Disposable Items Help Prevent Healthcare-Acquired Infections

Disposable Items Help Prevent Healthcare-Acquired Infections

By Larry M. Bush, MD

In recent years, the concept and use of disposable items has been introduced into the hospital setting for the purposes of the prevention of HAIs, as well as for convenience and cost factors.

The field of infectious diseases in the practice of medicine has greatly evolved since its recognition as a distinct subspecialty, commencing some time after the advancement of antimicrobial therapies following World War II. Involvement with diseases such as tuberculosis, malaria, epidemic influenza, and common bacterial and parasitic infections has been and will continue to be an integral part of this discipline. However, in the ensuing years, the knowledge base and pervue of the infectious disease practitioner has been required to undergo an extraordinary growth, coinciding with the expansive complexities surrounding the diagnoses, treatments and preventions of infections both in and outside of the hospital setting.

In most recent times, the recognition of emerging infectious diseases such as Acquired Immunodeficiency Syndrome (HIV/AIDS), lyme disease, hantavirus, West Nile virus, Severe Acute Respiratory Syndrome (SARS), avian influenza and Community-Acquired Methicillin-Resistant Staphylococcus aureus (cMRSA) have both threatened the health and well- being of the population and challenged healthcare providers, perhaps to a greater extent than experienced in past eras. The detection, prevention and treatment of diseases caused by microbes used for bioterrorism purposes has also become an assumed role of those individuals working in the field of infectious diseases, before and since the anthrax attacks of October 2001.

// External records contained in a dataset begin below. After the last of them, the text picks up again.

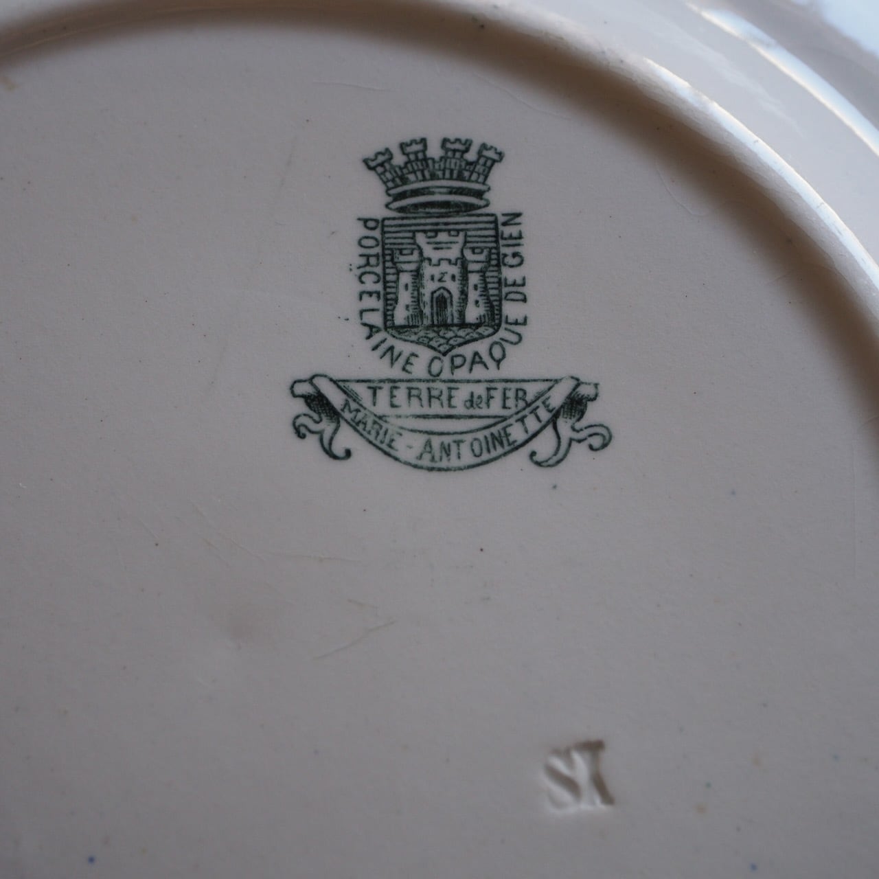 カオリンや長石が多く加えられた陶器(半陶半磁器)をTerre de fer テール・ド・フェールと呼びます。1770年に初めて生産され、19世紀後半に量産されました。より白く、より頑丈にと作られたものです。
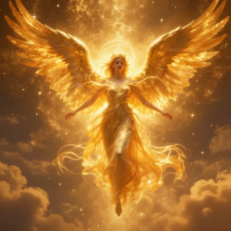 Digital artwork of a radiant, golden-winged angel with flowing, fiery dress, surrounded by bright flames and glowing clouds, floating in a starry sky
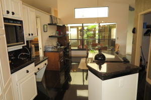 Tropical entrance into this 3 bedroom, and family room, 21/2 bath single family home. This home is located on a prime lot with expansive lake and golf view. Custom Tiffany glass front door. No step down in to the main living area. Beautiful entertainment center makes this family room special. Large master bedroom with built in bedroom set and huge closet. 2 large guest bedrooms. Kitchen beautifully redone. Second bathroom all redone. Cabana bath. Roof 2009. Newer washer and dryer, 7 years. New water heater. Decorator fans and fixtures. Garage floor epoxy. Extra refrigerator in garage. Walk to club. This is a winner.
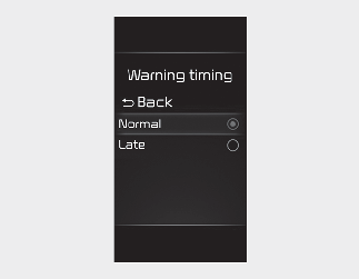 Normal: When this condition is selected, the initial Forward Collision Warning is activated normally.
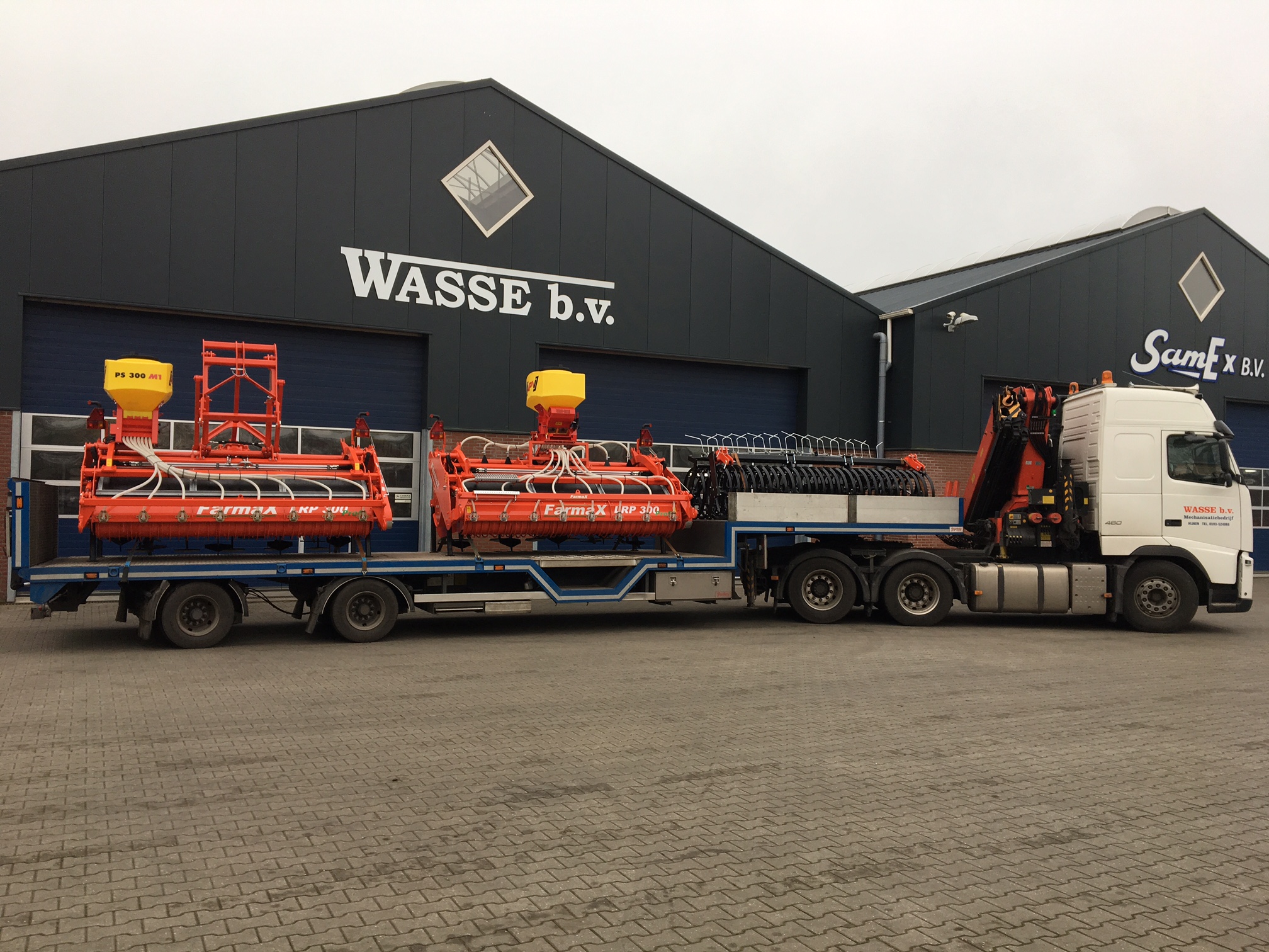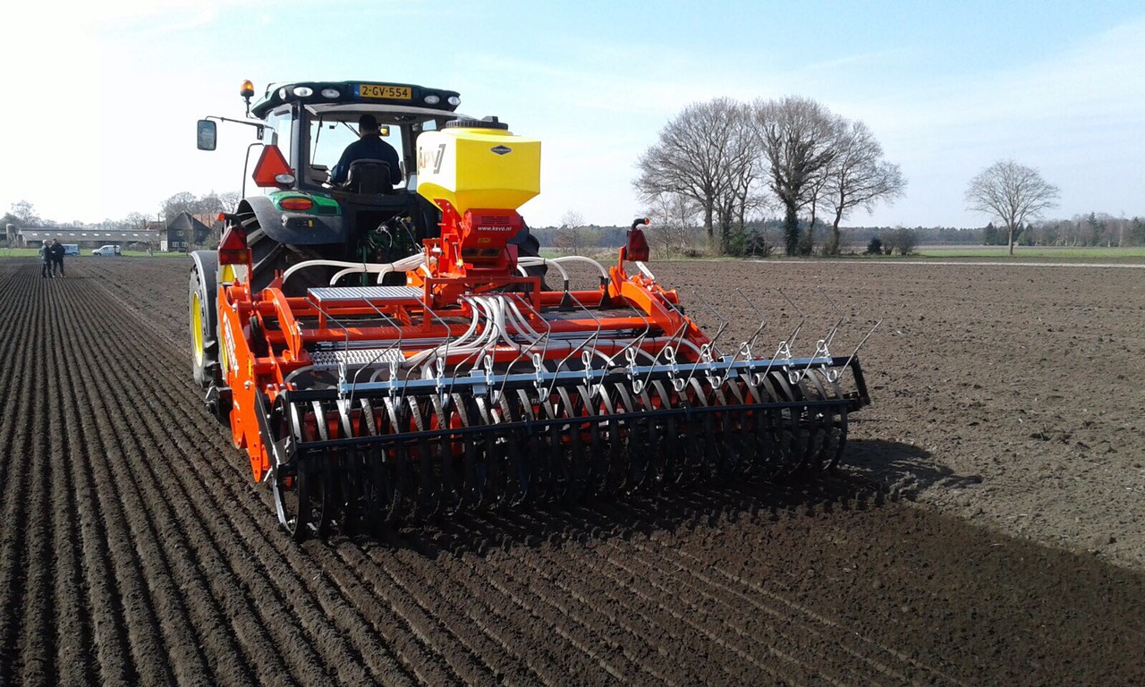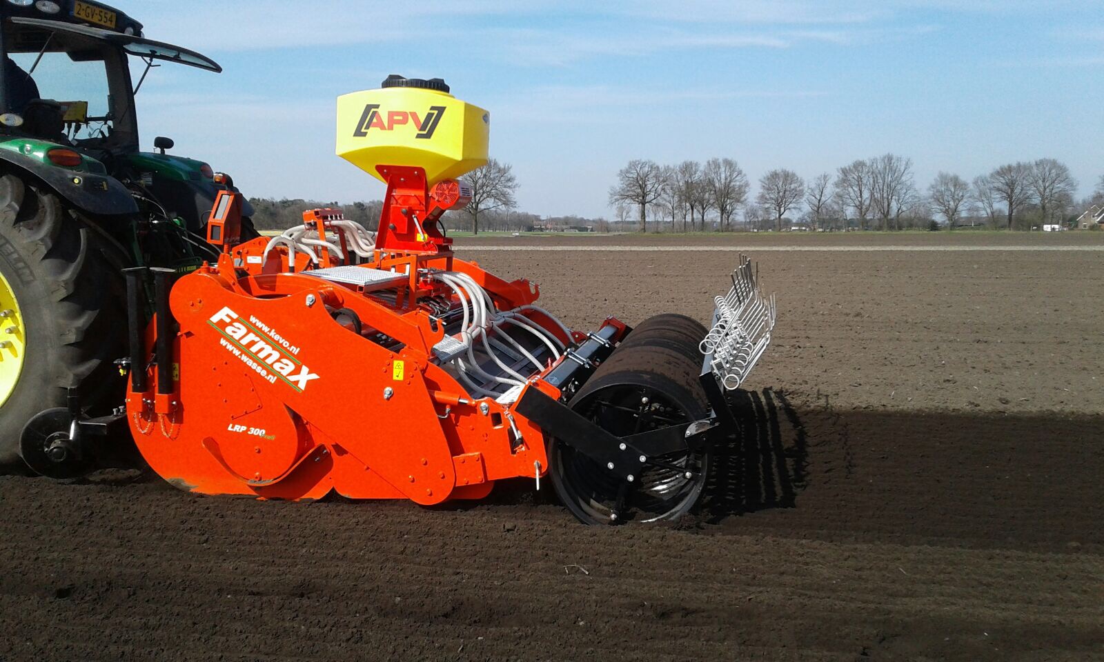 De eerste Farmax Lrp Profi spitters zijn weer in bedrijf gesteld door Wasse uit Hijken.De spitters die te zien zijn in combinatie met een APV zaaier en een met een Samex twinseeder om gras te zaaien
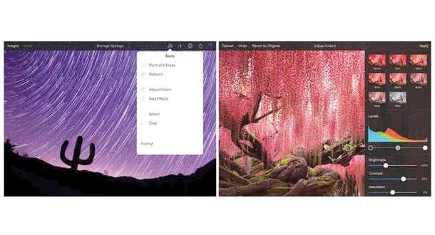 * ويسمح تطبيق «بيكسلميتر» Pixelmator على أجهزة «آي باد» تصحيح ألوان الصور والرسم فوقها وتحريرها بطرق مختلفة ودمجها مع بعضها البعض وإضافة طبقات مختلفة من المؤثرات البصرية والأشكال والنصوص إلى الصور بكل سهولة وفعالية. التطبيق سريع للاستخدام وواجهة الاستخدام ذكية ومريحة لدى الاستخدام وتقدم الأدوات التي يحتاجها المستخدم للحصول على نتائج مبهرة. ويدعم التطبيق التعامل مع الصور بدقة تصل إلى 16 ميغابيكسل، ويمكن الاختيار من بين 38 قالبا مسبق الإعداد للرسم وإضافة المؤثرات إلى الصور، والتي تقدم أطرا وبطاقات ومؤثرات مختلفة. ويمكن استخدام صور من ألبوم المستخدم أو من خدمات التخزين السحابية، مثل «آي كلاود». ولدى اختيار منطقة من صورة ما، ستظهر أبعاد تلك المنطقة ليعرف المستخدم الأبعاد النهائية للصورة التي يرغب بالحصول عليها. ويمكن إضافة المؤثرات الخاصة إلى الصورة ككل، أو إلى جزء من الصورة، وبكل سهولة، واختيار منطقة وفقا للون، وغيرها. ويقدم التطبيق نصائح حول كيفية استخدام الأدوات، ويبلغ سعره 5 دولارات أميركية، ويمكن تحميله من متجر «آي تونز» الإلكتروني.
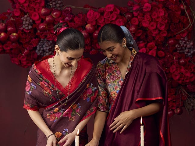 The collection features luxurious handwoven silk saris with intricate jamdani weaves, vibrant floral prints, and multicoloured patterns, perfect for festive occasions, weddings, and cocktail parties. Swati shares, “We’ve also designed kurta sets in pure handwoven mulberry silk and silk satin, offering a rich, soft feel that’s perfect for brunches or family events, combining comfort and elegance.” The edit is further enhanced by handmade details like tatting flowers, beaded embellishments, and intricate scallop cutwork embroidery, adding a unique touch to each piece.
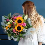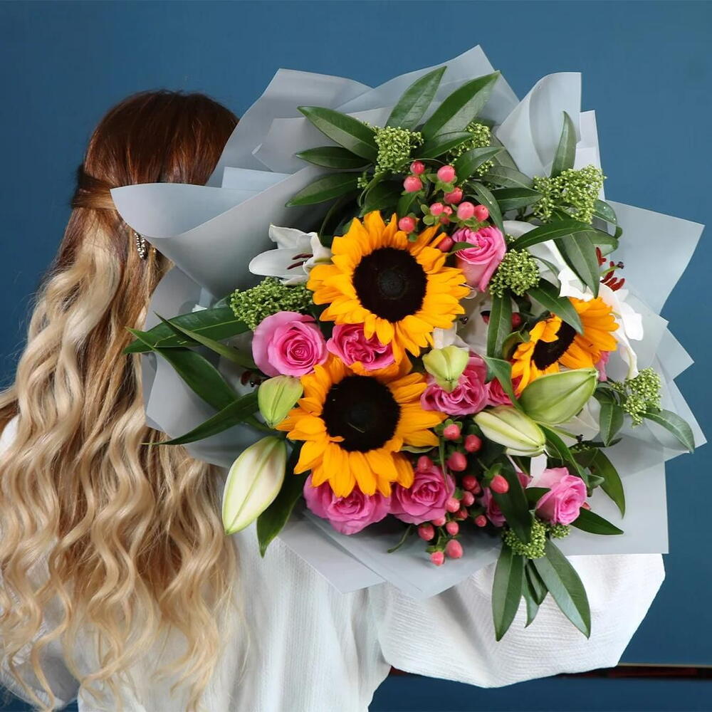 Flower types: Pink Roses, Sun Flowers, Skimmia Kew, Limonium flower and Hypericum. Packaging: Silver Wrapper. Care instructions: Change the water daily, preferably placed in a cool place.

Antimicrobial resistance among bacterial pathogens has become a serious health threat, as the incidence of infections with such organisms has risen at an alarming rate. MRSA, Vancomycin Resistant Enterococci (VRE), Drug-Resistant Streptococcus pneumoniae (DRSP) and gramnegative bacilli possessing the ability to produce Extended Spectrum Beta- Lactamases (ESBL) have become frequent pathogens causing infections in both hospital and community settings. This increase in resistance leads to greater morbidity, mortality and cost, and has challenged the medical field and pharmaceutical industry in the development of prevention and treatment strategies.

The infection control discipline was born in the 1950s, primarily as a response to the problem of staphyloccocal nosocomial infections. Greater than 5 percent of patients admitted to hospitals in our country develop a hospital-acquired infection. The estimated cost to the healthcare system exceeds $5 billion and results in approximately 88,000 deaths per year.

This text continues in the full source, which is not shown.